Deceit and Denial details the attempts by the chemical and lead industries to deceive Americans about the dangers that their deadly products present to workers, the public, and consumers. Gerald Markowitz and David Rosner pursued evidence steadily and relentlessly, interviewed the important players, investigated untapped sources, and uncovered a bruising story of cynical and cruel disregard for health and human rights. This resulting exposé is full of startling revelations, provocative arguments, and disturbing conclusions—all based on remarkable research and information gleaned from secret industry documents.

This book reveals for the first time the public relations campaign that the lead industry undertook to convince Americans to use its deadly product to paint walls, toys, furniture, and other objects in America's homes, despite a wealth of information that children were at risk for serious brain damage and death from ingesting this poison. This book highlights the immediate dangers ordinary citizens face because of the relentless failure of industrial polluters to warn, inform, and protect their workers and neighbors.
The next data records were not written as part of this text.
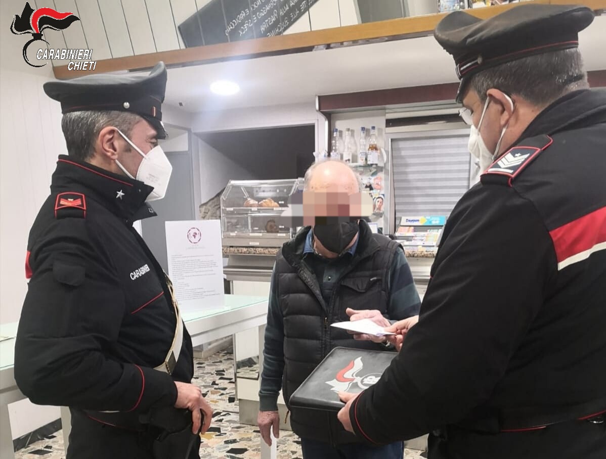 Green pass, controlli dei carabinieri della compagnia di Ortona nei locali pubblici; sanzionati a Tollo avventore di un bar ed il titolare per omessa vigilanza. Proseguono giornalmente i controlli dei carabinieri della compagnia di Ortona per il rispetto della normativa sul greenpass. In particolare sono stati svolti capillari controlli nel comune di Tollo e Canosa Sannita dove in un bar i carabinieri della locale stazione hanno trovato un avventore privo di green pass che è stato sanzionato con una multa di 600€ insieme al gestore dell’esercizio pubblico che aveva omesso il controllo all’ingresso.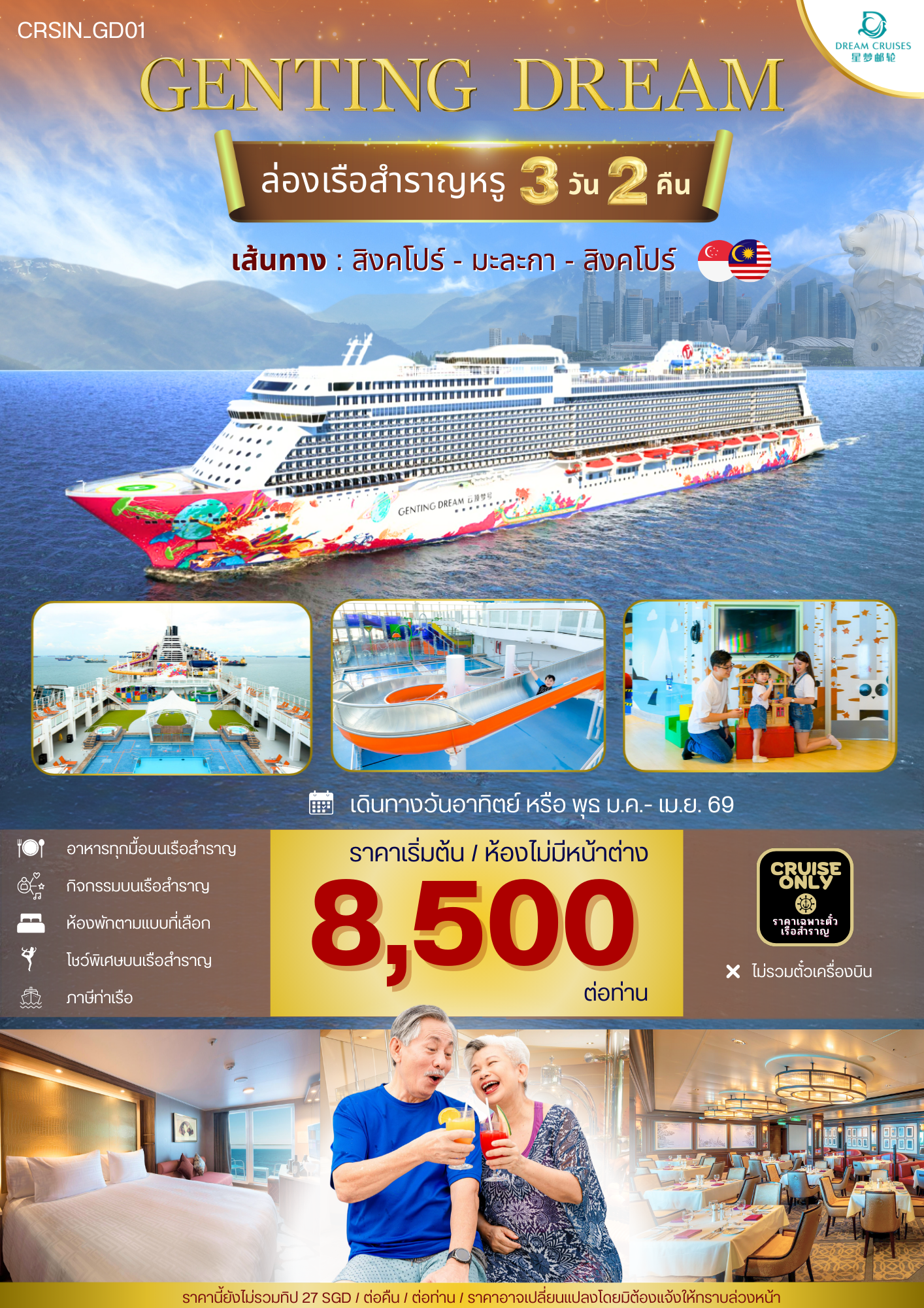 ล่องเรือสำราญ สิงคโปร์-มาเลเซีย พักบนเรือ 2 คืน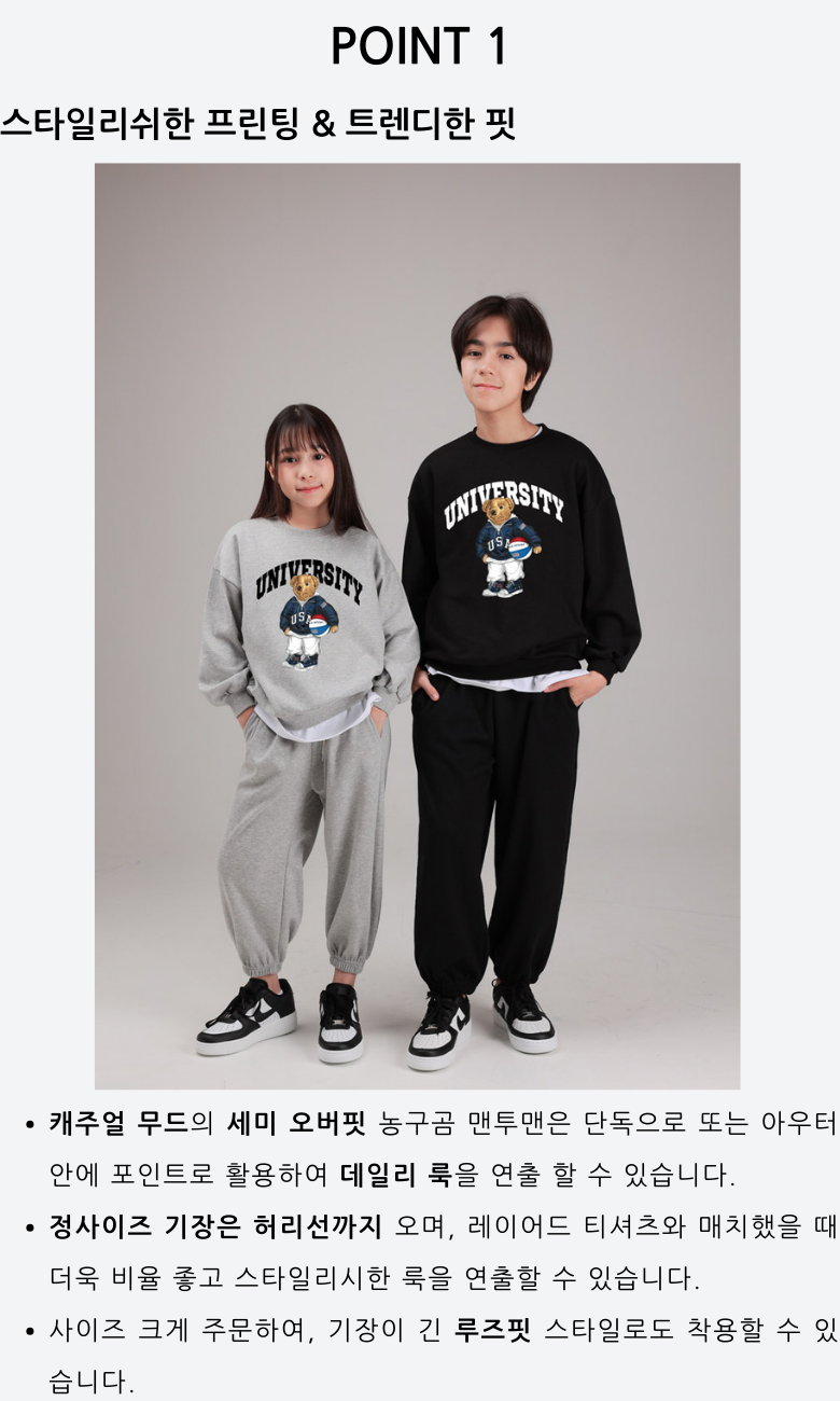 [국내생산] 마고주니어 주니어용 오버핏 농구곰 맨투맨 [키130/키140/키150/키160]

It offers a historical analysis of how corporate control over scientific research has undermined the process of proving the links between toxic chemicals and disease. The authors also describe the wisdom, courage, and determination of workers and community members who continue to voice their concerns in spite of vicious opposition. Readable, pathbreaking, and revelatory, Deceit and Denial provides crucial answers to questions of dangerous environmental degradation, escalating corporate greed, and governmental disregard for its citizens' safety and health.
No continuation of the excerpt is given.